What you are asked to do ->
The required result is an exact copy of every line from the one with "Falls ein Werkstoff" through the last line below, with the pictures left out.

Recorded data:
——
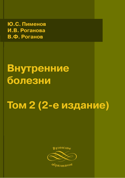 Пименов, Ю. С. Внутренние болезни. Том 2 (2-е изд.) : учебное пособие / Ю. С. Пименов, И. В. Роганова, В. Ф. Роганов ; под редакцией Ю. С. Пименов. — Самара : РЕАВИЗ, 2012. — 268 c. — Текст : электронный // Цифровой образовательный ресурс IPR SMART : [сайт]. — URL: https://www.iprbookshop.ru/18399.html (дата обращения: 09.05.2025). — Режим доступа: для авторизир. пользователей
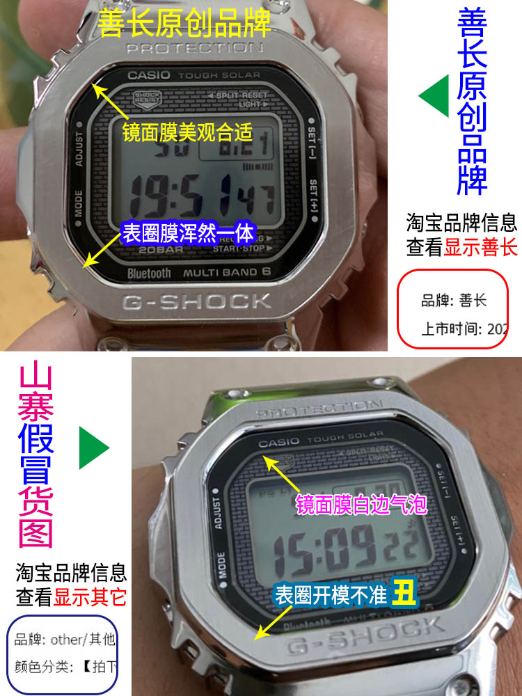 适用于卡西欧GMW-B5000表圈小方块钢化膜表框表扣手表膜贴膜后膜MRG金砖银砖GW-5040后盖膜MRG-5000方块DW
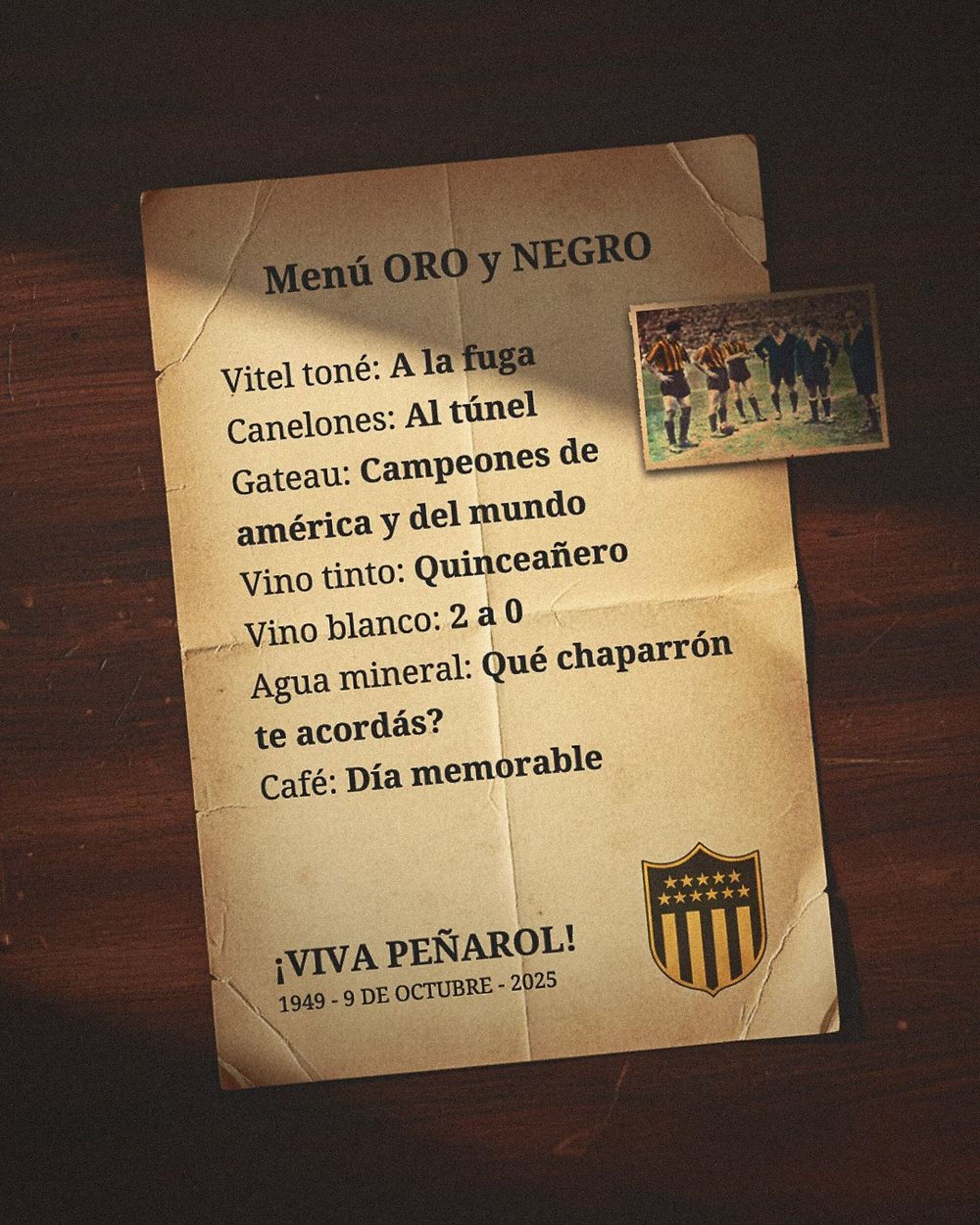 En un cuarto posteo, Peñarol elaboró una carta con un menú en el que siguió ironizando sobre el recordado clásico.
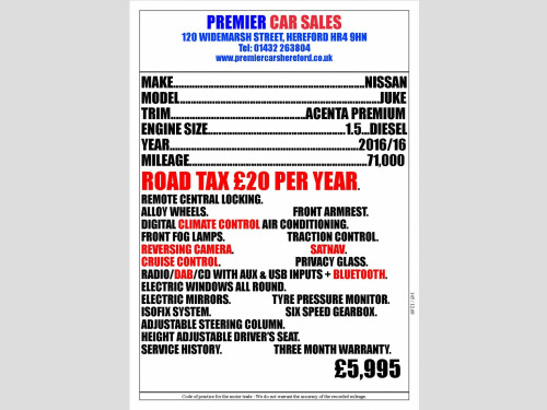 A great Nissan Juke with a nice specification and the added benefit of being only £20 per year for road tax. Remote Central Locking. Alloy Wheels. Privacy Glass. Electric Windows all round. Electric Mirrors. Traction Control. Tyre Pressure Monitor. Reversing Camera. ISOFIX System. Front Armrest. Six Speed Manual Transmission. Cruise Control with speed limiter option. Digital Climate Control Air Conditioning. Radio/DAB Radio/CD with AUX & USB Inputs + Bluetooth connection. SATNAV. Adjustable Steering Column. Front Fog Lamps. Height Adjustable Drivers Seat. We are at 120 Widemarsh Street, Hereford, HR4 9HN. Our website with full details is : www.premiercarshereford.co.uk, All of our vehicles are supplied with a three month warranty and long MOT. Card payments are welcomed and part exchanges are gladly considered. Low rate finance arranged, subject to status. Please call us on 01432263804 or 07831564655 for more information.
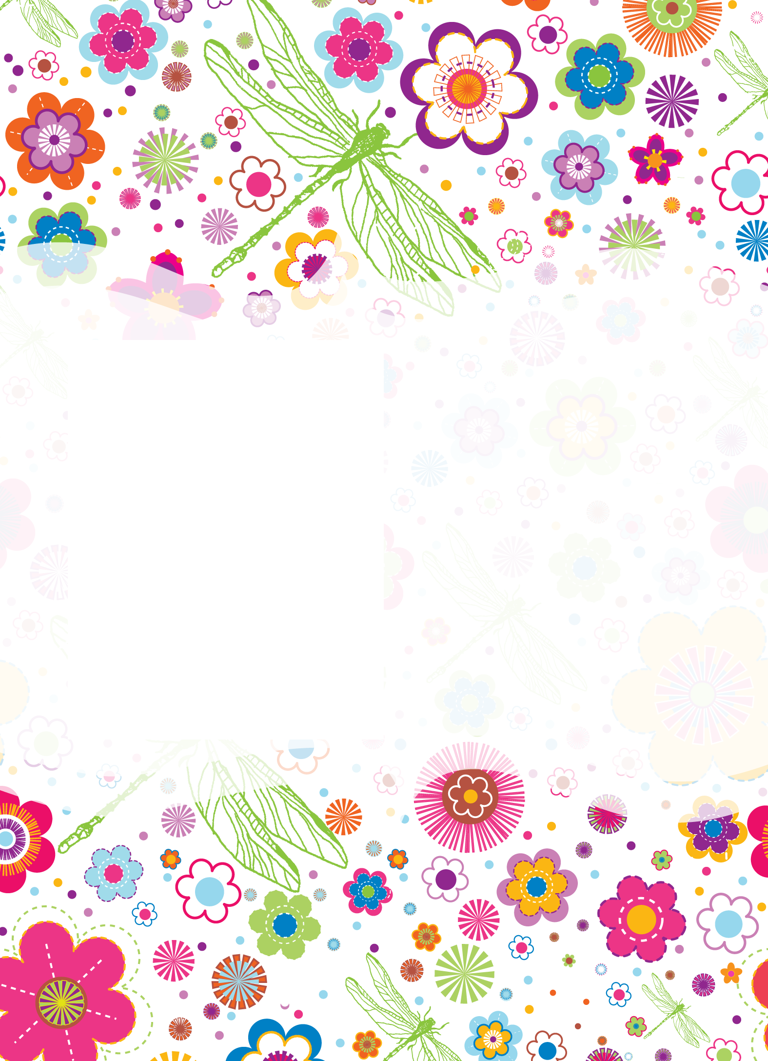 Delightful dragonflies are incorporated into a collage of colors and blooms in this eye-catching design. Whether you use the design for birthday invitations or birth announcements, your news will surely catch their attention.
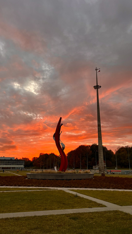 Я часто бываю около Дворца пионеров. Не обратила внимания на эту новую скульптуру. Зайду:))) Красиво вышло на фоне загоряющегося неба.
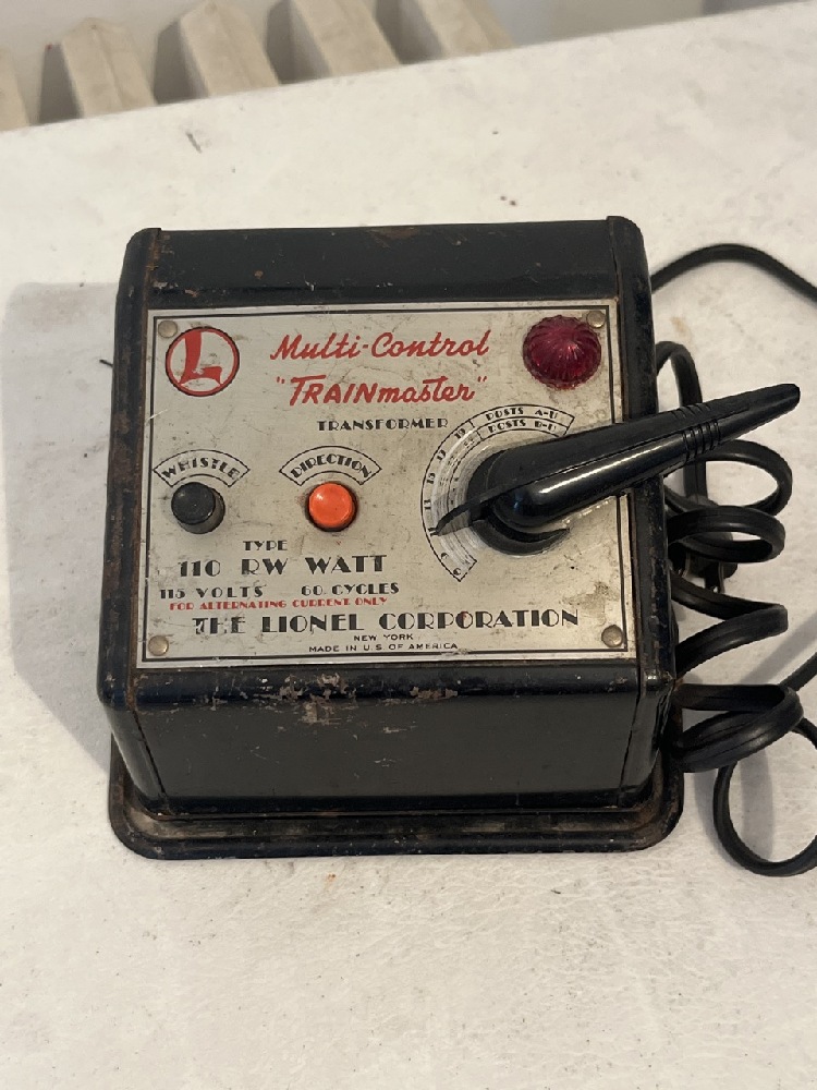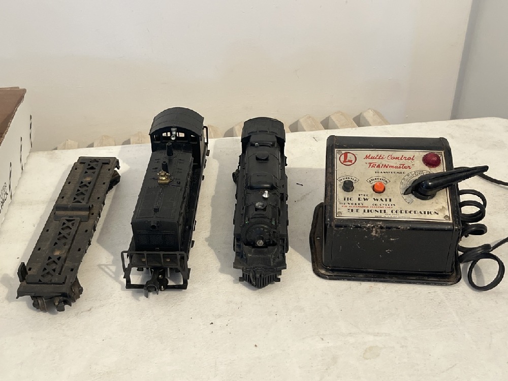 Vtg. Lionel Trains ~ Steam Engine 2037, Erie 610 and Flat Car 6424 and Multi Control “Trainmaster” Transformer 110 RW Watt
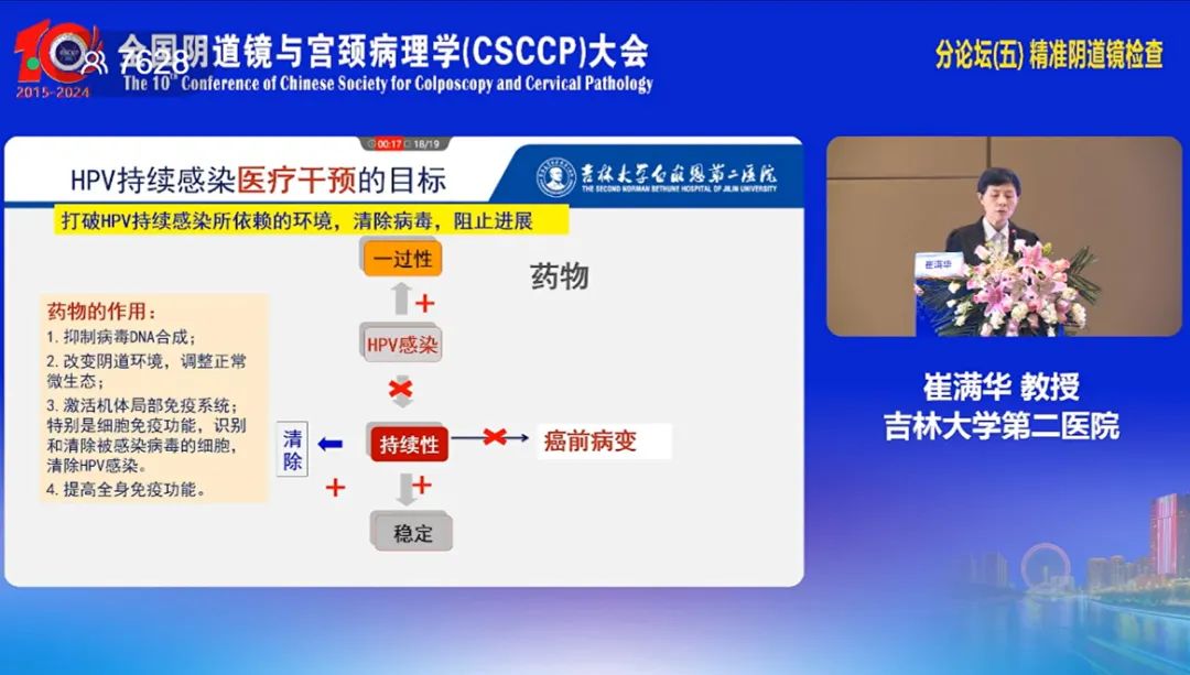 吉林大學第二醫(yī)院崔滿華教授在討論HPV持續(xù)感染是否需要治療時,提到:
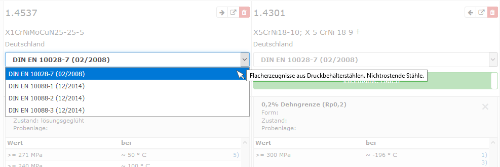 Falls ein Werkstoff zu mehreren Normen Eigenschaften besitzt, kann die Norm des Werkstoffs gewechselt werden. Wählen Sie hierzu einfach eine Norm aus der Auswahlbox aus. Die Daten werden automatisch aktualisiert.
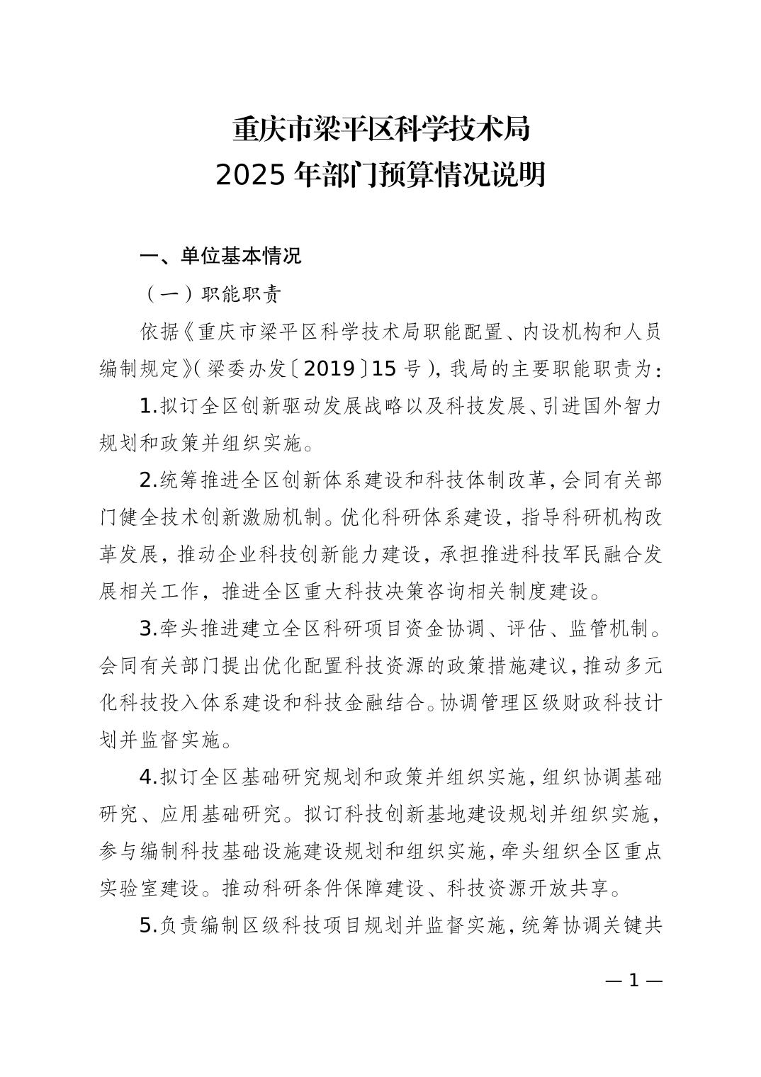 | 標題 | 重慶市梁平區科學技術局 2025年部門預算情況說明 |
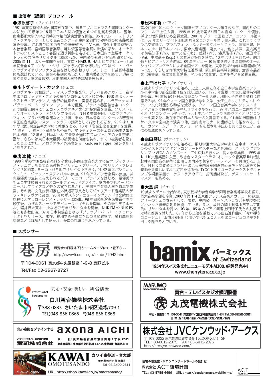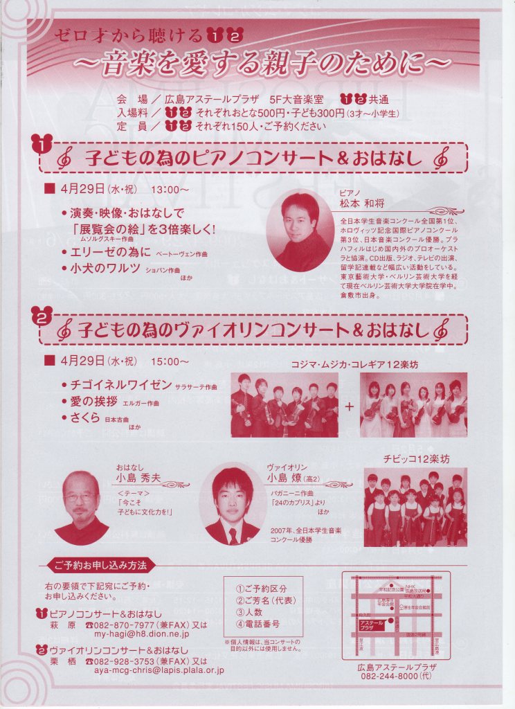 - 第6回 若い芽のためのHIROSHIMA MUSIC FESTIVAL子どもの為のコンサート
——
Output for this task ->
 Falls ein Werkstoff zu mehreren Normen Eigenschaften besitzt, kann die Norm des Werkstoffs gewechselt werden. Wählen Sie hierzu einfach eine Norm aus der Auswahlbox aus. Die Daten werden automatisch aktualisiert.
 | 標題 | 重慶市梁平區科學技術局 2025年部門預算情況說明 |
 - 第6回 若い芽のためのHIROSHIMA MUSIC FESTIVAL子どもの為のコンサート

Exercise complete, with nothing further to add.